Unstructured Formats
Unstructured formats are data files in which only the data is stored. No metadata defines the structure of the files. There are no readable field and no record separators; therefore, you must either specify an external dictionary file from which the integration platform reads the record and field structure, or manually define the fields in the Data Parser.
Delimited ASCII
Delimited ASCII data could easily fall into the category with other structured data file formats because it is indeed structured data. However, because delimited ASCII data can include so many variations, we have elected to give it a category of its own.
The rules that apply to all valid delimited ASCII data files are as follows:
Each character of the data must be one of the first 128 ANSI characters. In other words, the data must be readable – it cannot contain any binary or packed data.
Delimited ASCII data files do not contain the Null character.
Each record within the data file must contain the same number of fields. In other words, if one record contains 8 fields, every record must contain 8 fields.
There must be an identifiable record separator and field separator.
If you are not familiar with the terms "record," "field," or "Null" character, see the Glossary.
Delimited ASCII data files may (or may not) contain a header at the beginning of the file. If a header is present, it may contain information that is totally irrelevant to the transformation, or it may contain field names which are relevant. If the header is irrelevant, set the Starting Offset in Source Properties to the byte length of the header so that the integration platform for skip the header. If the header contains field names, set the Header in Source Properties to True to instruct the integration platform to use that that information to name the fields.
Record separators, field separators, and field delimiters may include any one or any combination of the entire 256 ANSI character set (excluding the null character). The standard for most delimited ASCII files on Microsoft Windows operating systems is to use a comma as the field separator, a carriage-return and a line feed as the record separator, and quotation marks as delimiters. If the separators and delimiters are non-standard in your file, open Source Properties and set them to the appropriate values.
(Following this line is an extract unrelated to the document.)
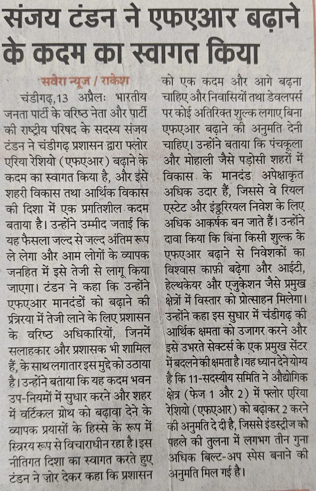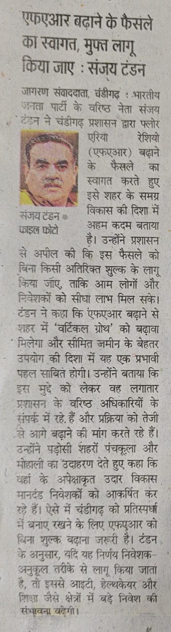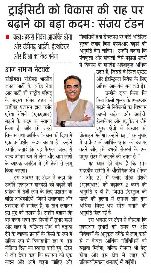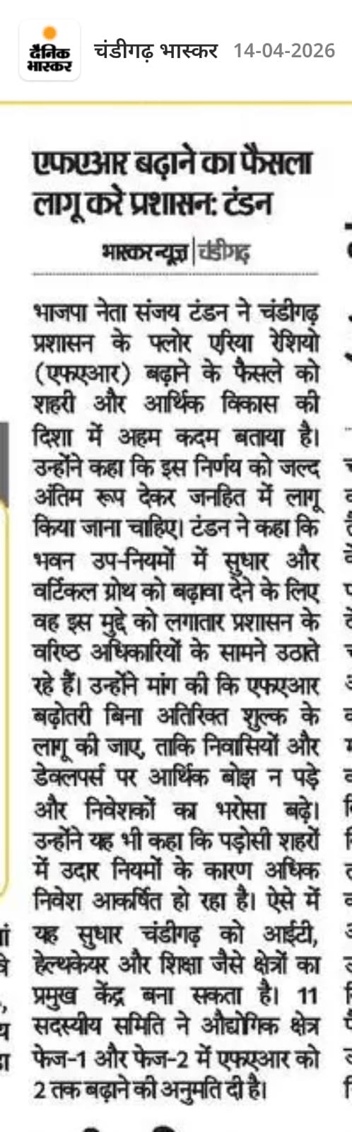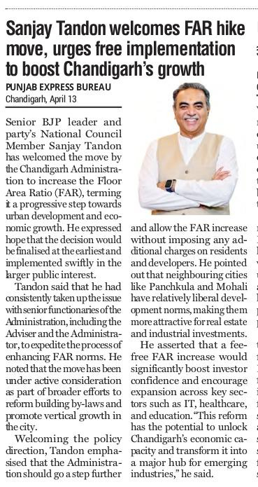 ट्राईसिटी को विकास की राह पर बढ़ाने का बड़ा कदम : संजय टंडन +4 more storiesकहा : इससे निवेश आकर्षित होगा और चंडीगढ़ आईटी, हेल्थकेयर और शिक्षा का केंद्र बनेगा Team Sanjay TandonApr 14, 2026SharePrevious

The integration platform is designed to handle many of the possible variations of delimited ASCII data. The Hex Browser can help you determine variations in the files you are working with.
HDFS Connectivity
This section contains information on reading from and writing to an Hadoop Distributed File System (HDFS). Once the following steps are taken, DataConnect can read and write to HDFS just like any other file system.
1. Configure your HDFS instance to be mountable. This is done by enabling the NFS gateway. Follows the basic steps in https://hadoop.apache.org/docs/r2.3.0/hadoop-project-dist/hadoop-hdfs/HdfsNfsGateway.html
2. Mount the HDFS instance onto the Linux system where you plan to run DataConnect. Logged in as root, execute the mount command with the follwing parameters:
mount -t nfs -o vers=3,proto=tcp,nolock <server>:/ <mount point>
3. For example:
mount -t nfs -o vers=3,proto=tcp,nolock 192.168.1.50:/ /mnt/hdfs1
Where 192.168.1.50 is the IP address of the Name Node (HDFS instance), and /mnt/hdfs1 is the location on the client machine where you’d like to mount the file system.
4. Install, configure, and launch DataConnect Studio IDE on the Linux system where HDFS was mounted. You will now be able to create datasets that can connect to the HDFS mounted file locations.
Note:
Both the HDFS system and the system where DataConnect is installed should have a user group with the same name containing a shared list of users. The users should have full permissions.
If you have multiple DataConnect worker machines, each worker will need to have the HDFS instance mounted.
Consider using macros for mountable file locations.
Due to limitations in either HDFS or the NFS gateway for overwriting existing files, the target connector's output mode should be set to Append. If you need to delete the contents of the file before each transformation, you can use the FileDelete script function.